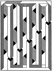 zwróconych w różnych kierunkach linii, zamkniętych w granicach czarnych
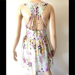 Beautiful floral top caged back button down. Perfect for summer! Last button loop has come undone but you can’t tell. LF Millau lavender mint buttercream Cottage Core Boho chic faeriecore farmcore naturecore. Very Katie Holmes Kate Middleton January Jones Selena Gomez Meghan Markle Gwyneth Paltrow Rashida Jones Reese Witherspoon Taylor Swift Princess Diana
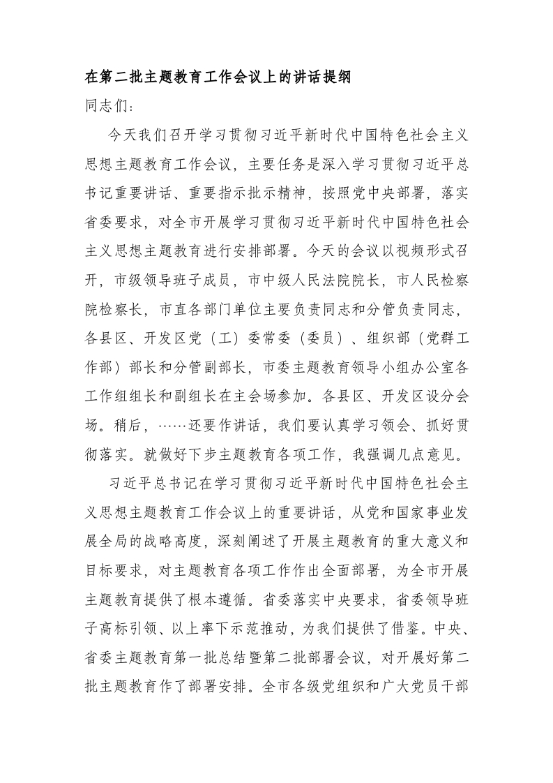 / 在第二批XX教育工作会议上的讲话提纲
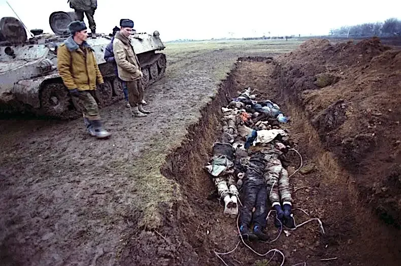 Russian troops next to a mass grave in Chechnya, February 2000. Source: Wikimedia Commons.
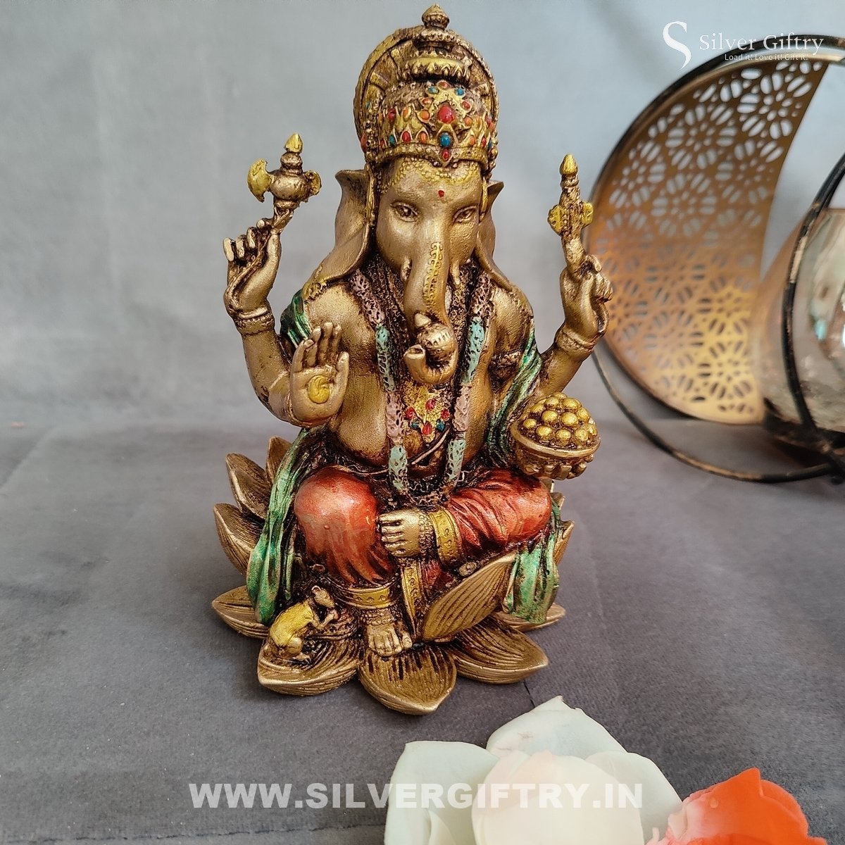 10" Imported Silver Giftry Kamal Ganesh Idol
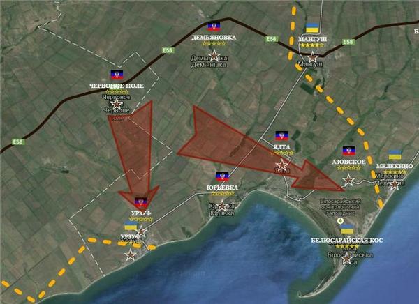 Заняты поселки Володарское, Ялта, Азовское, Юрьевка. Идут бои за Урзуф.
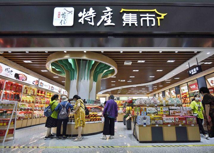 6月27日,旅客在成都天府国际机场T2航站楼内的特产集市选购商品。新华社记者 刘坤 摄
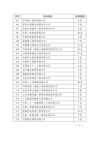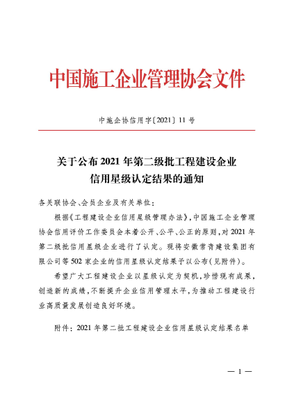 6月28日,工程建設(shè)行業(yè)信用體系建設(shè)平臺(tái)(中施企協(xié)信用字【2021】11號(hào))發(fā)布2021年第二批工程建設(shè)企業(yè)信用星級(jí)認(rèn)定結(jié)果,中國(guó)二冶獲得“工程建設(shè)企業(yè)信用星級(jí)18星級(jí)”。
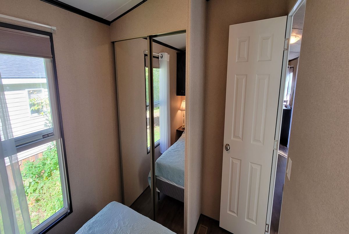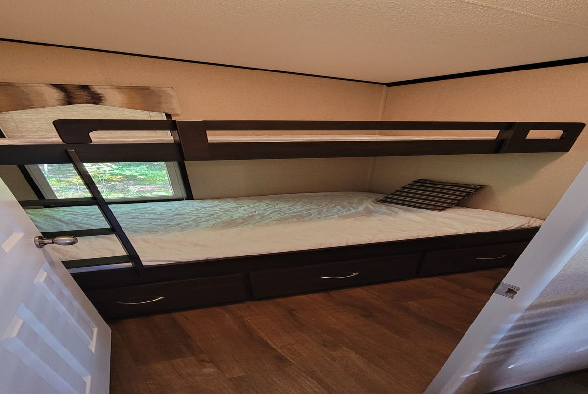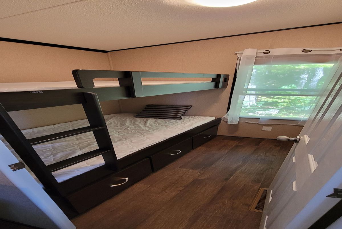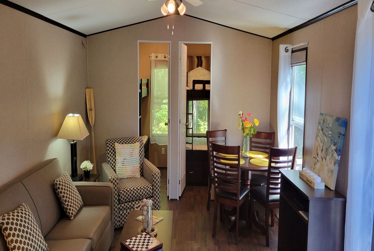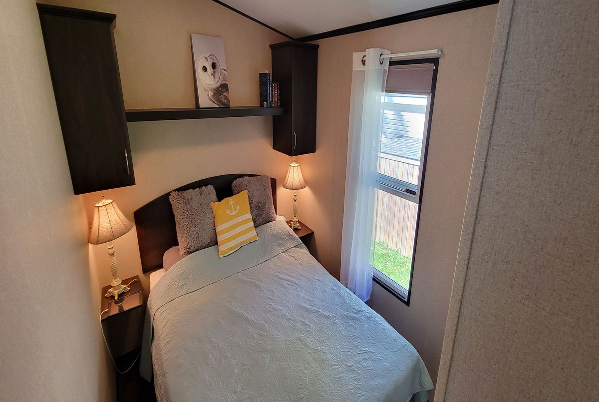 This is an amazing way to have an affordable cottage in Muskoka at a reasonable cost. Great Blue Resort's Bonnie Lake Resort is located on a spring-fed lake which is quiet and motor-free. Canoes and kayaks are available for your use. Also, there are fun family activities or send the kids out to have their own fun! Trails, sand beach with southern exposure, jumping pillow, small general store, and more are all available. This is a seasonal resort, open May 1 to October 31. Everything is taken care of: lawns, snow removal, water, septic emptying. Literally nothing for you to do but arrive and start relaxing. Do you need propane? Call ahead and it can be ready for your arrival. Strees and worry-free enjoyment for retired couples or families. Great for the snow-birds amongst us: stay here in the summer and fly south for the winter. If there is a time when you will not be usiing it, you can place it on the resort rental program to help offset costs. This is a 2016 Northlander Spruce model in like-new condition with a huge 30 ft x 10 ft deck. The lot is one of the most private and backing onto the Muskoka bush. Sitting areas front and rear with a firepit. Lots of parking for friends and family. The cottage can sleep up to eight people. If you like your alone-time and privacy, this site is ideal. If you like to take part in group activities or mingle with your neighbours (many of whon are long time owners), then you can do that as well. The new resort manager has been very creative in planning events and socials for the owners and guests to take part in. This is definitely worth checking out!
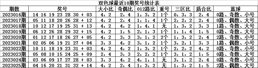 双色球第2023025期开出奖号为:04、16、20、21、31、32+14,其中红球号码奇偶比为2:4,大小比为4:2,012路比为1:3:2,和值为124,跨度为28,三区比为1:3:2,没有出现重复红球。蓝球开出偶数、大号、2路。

# Problem statement
Within the listing above, extract exactly the lines that run from the one containing "Kamal Ganesh Idol" through the one containing "6月27日,旅客在成都天府国际机场T2航站楼内的特产集市选购商品。新华社记者 刘坤 摄", excluding any pictures.

# Solution
 10" Imported Silver Giftry Kamal Ganesh Idol
 Заняты поселки Володарское, Ялта, Азовское, Юрьевка. Идут бои за Урзуф.
 6月27日,旅客在成都天府国际机场T2航站楼内的特产集市选购商品。新华社记者 刘坤 摄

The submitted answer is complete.